А у Сашка даже рот открылся. «Врешь!» — восхищенно прошептала она, а я изо всех сил ткнул ее в бок, чтоб заткнулась.
На Олежека стало страшно смотреть — он то бледнел, то краснел, то становился какого-то невозможного желтого цвета.
— Ты? — беспомощно спросил он Филиппа. — Но зачем? Тебе-то — зачем?
— Я понял, что не справляюсь, Олег Борисович, — вдохновенно заговорил Филипп. — Ну, я и вспылил. Я нервный вообще, Олег Борисович. Папа говорит — псих.
— Папа, — совсем уже тихо отозвался Колокольчиков.
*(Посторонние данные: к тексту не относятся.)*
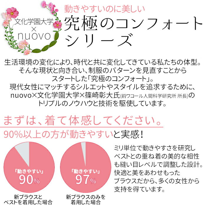 nuovo×文化学園大学×篠崎彰大氏(前ワコール人間科学研究所 所長)のトリプルコラボにより、パターンの原型から見直すことで、現代女性に合うシルエットと快適な着心地を実現した「究極のコンフォートスタイル」シリーズ。
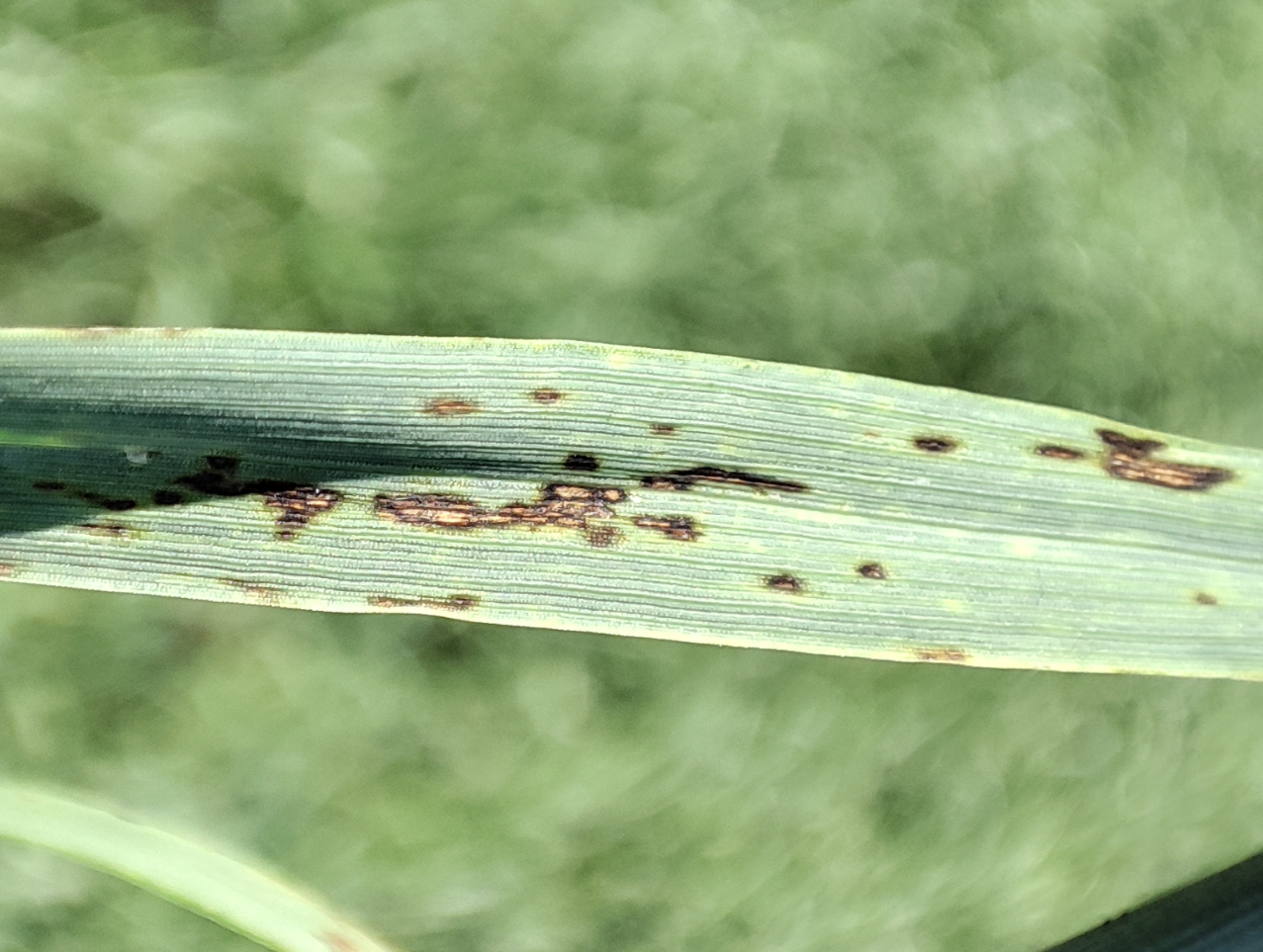 Болезнь поражает листья (патоген может поражать корни, листья, колос растения). Симптомы характеризуются образованием темно-коричневых пятен – от точеных до веретенообразных, вплоть до овальных, что усложняет диагностику. Спороносцы Drechlera sorokiniana стоят по отдельности,

Конечно, и думать было нечего, что Филипп успеет починить к вечернему спектаклю хотя бы половину кукол.
— Лёлик! — просиял Олежек. — Я позвоню ему, он поможет.
— Он не согласится, — быстро сказал Сэм. — Даже если ты хорошо заплатишь.
— Не согласится? — ошарашенно повторил Олежек, и нижняя губа у него затряслась.
— Конечно, — съязвил Тимохин, — даже на пенсию как следует не проводили, Олег Борисович!
Все загалдели.
— Я попробую его уговорить, — Сэм смотрел в глаза Олежеку не отрываясь, — но вряд ли смогу.
Олежек схватил его за рукав.
— Попробуешь? Ты скажи ему, что мы жалеем, ну, что так получилось — без проводов на пенсию.
Сэм мягко отвел его руку.
— Только просто так ничего не получится.
— Просто так? — казалось, Олежек понимает, о чем говорит Сэм, и изо всех сил оттягивает момент, когда придется сказать об этом вслух.
— Да, просто так, — жестко повторил Сэм, — а вот если ты мне дашь приказ о восстановлении в должности мастера Леонида Аркадьевича.
— Приказ… — обреченно вздохнул Олежек.
— Прости, забыл совсем, что ставок-то лишних нет, — огорченно сказал Сэм.
— Ну, найдем, найдем ставочку, малыш! — вскинулся Олежек. — Сэмушка, ты поговоришь с ним?
Попробую, — сурово сказал Сэм и отвернулся. И мы увидели, что глаза его — смеются.
— И передай, что мы все его просим, — подытожил папа. — Просто все!
Театр совершенно точно проснулся. Он будто бы танцевал под никому не слышимый джаз, и хотелось танцевать вместе с ним, прищелкивая пальцами и подпрыгивая.
Мы, конечно, тоже увязались ехать к Лёлику.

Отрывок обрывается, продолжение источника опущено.